Then, acoustic disturbances including complex cases such as multiple speakers cross-talking should not be in the way of reliable assessment—best at human parity or even superhuman levels such as when optimising automatic recognition of the human heart-beat from acoustics with only a few beats of error [22], or early diagnosis of diverse health conditions which at best a physician could ascertain from the voice [36].

Likewise, having only a few hours of learning material at hand, it is not surprising that some automatic recognition tasks have not yet reached or surpassed human abilities—an example being the above named emotion recognition from the voice acoustics [44, 61]. However, the recent advances in processing power, and machine learning methods—most notably deep learning to which significant improvements and expectations are ascribed [12]—in combination with sufficient amount of learning data that can satisfy the increased requirements for data such models usually come with [7] hold the promise to reach the point of superhuman level on most or even all Computational Paralinguistics tasks likely already in the near future.

As for the amount of data available, luckily, every second, more than 5 h of video are uploaded to the web.

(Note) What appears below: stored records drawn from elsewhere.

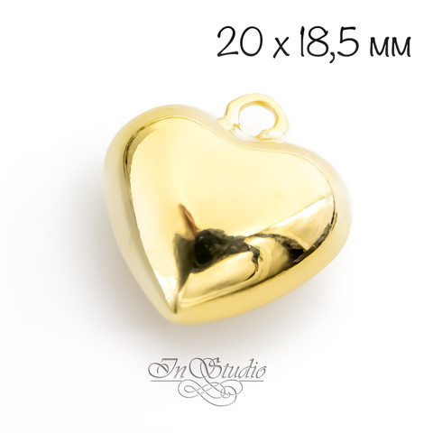 Подвеска кулон объемное Сердце 20 мм позолоченное покрытие
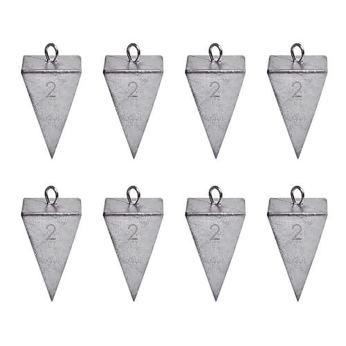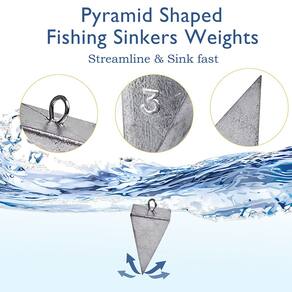 - Os pesos de pesca em pirâmide têm formato triangular e são excelentes para pesca de surfe e pesca em cais. Eles se mantêm bem em fundos arenosos e também se mantêm bem em correntes fortes, como as ondas
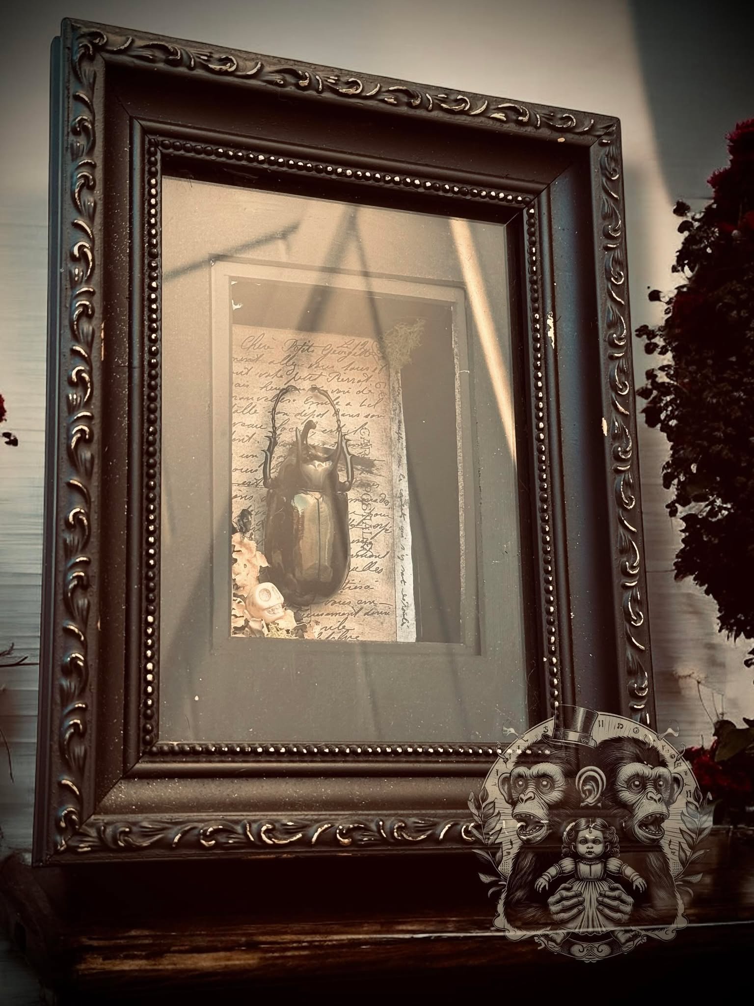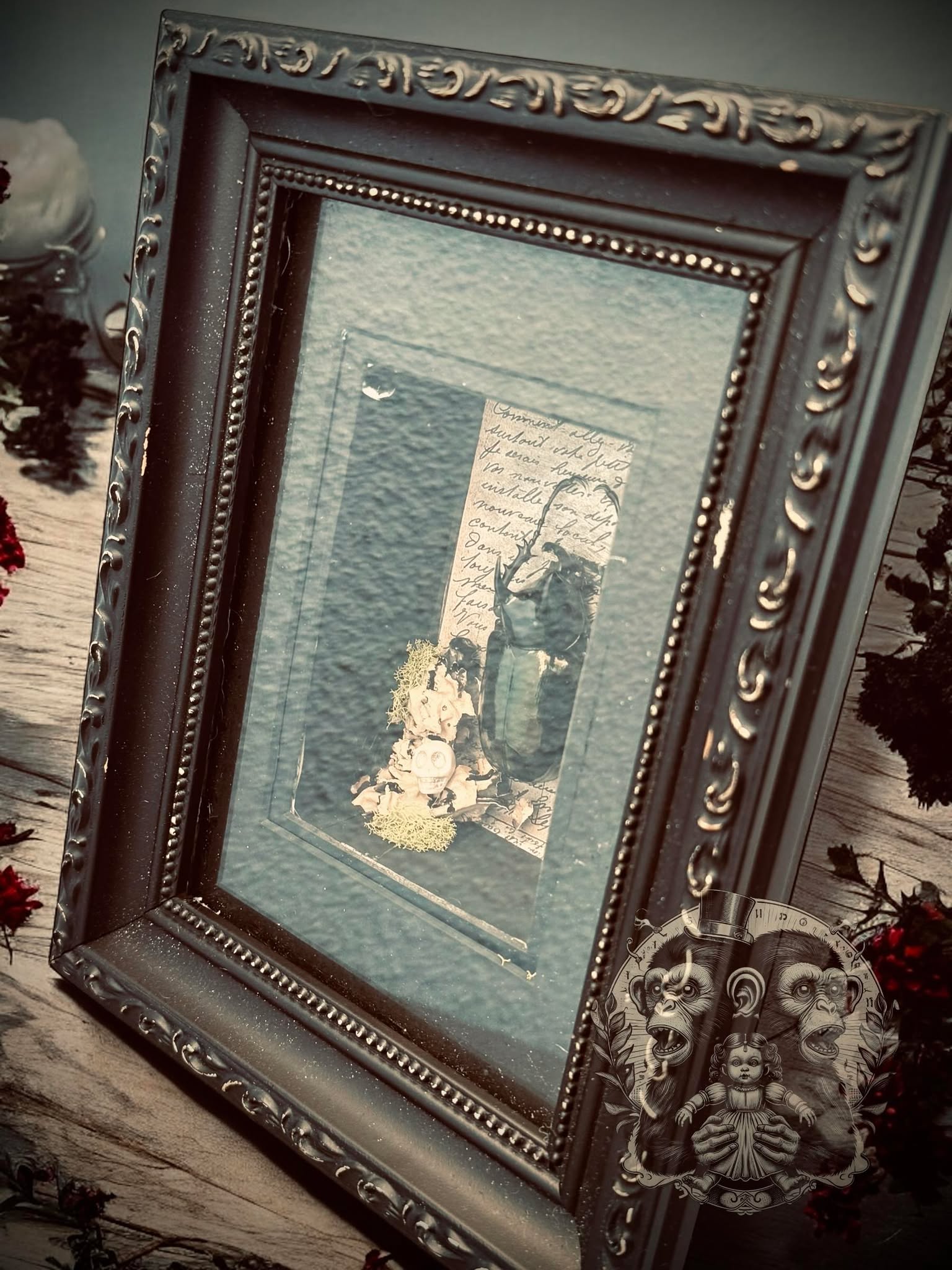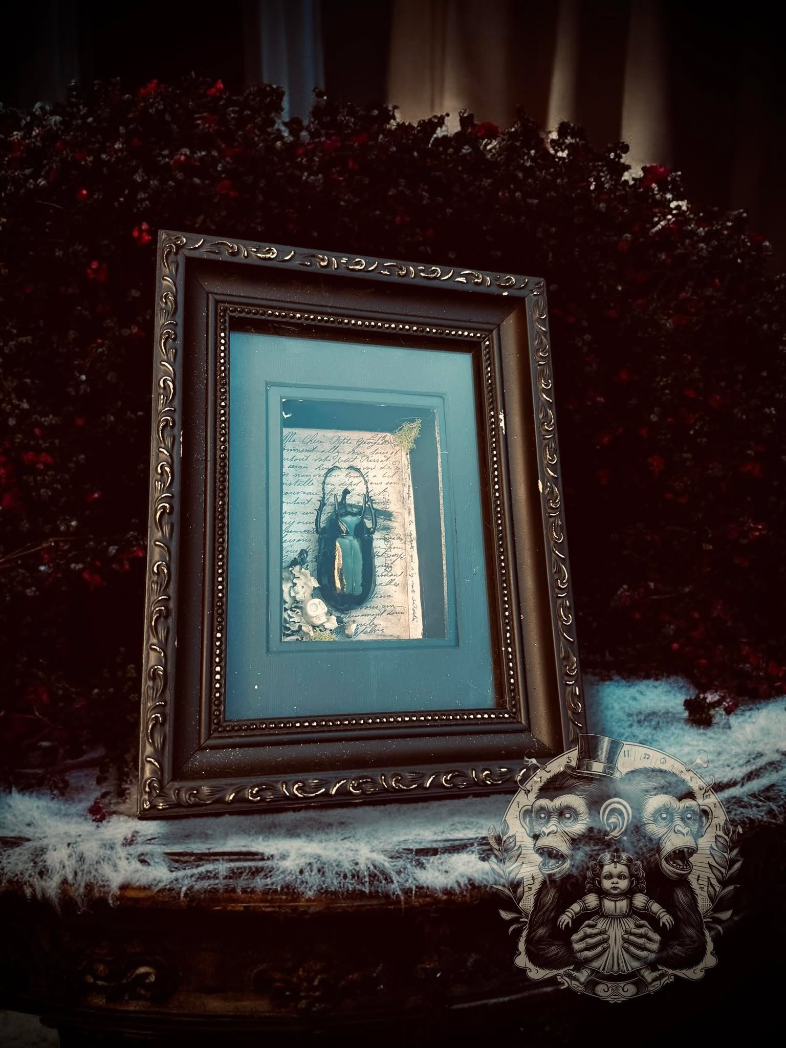 This one-of-a-kind shadow box features a real Atlas Beetle, charming faux moss, all set against an eerie backdrop.

YouTube alone reached 70 million hours of video material by March 2015.^{Footnote 1} This is added by several hundreds of hours of audio and video communication in most languages of the world taking place. If only a fraction of these data would be shared and labelled reliably, human-alike or even beyond automatic speaker analysis could eventually be realised for improved human-computer interaction, mobile health applications, and many further fields of application.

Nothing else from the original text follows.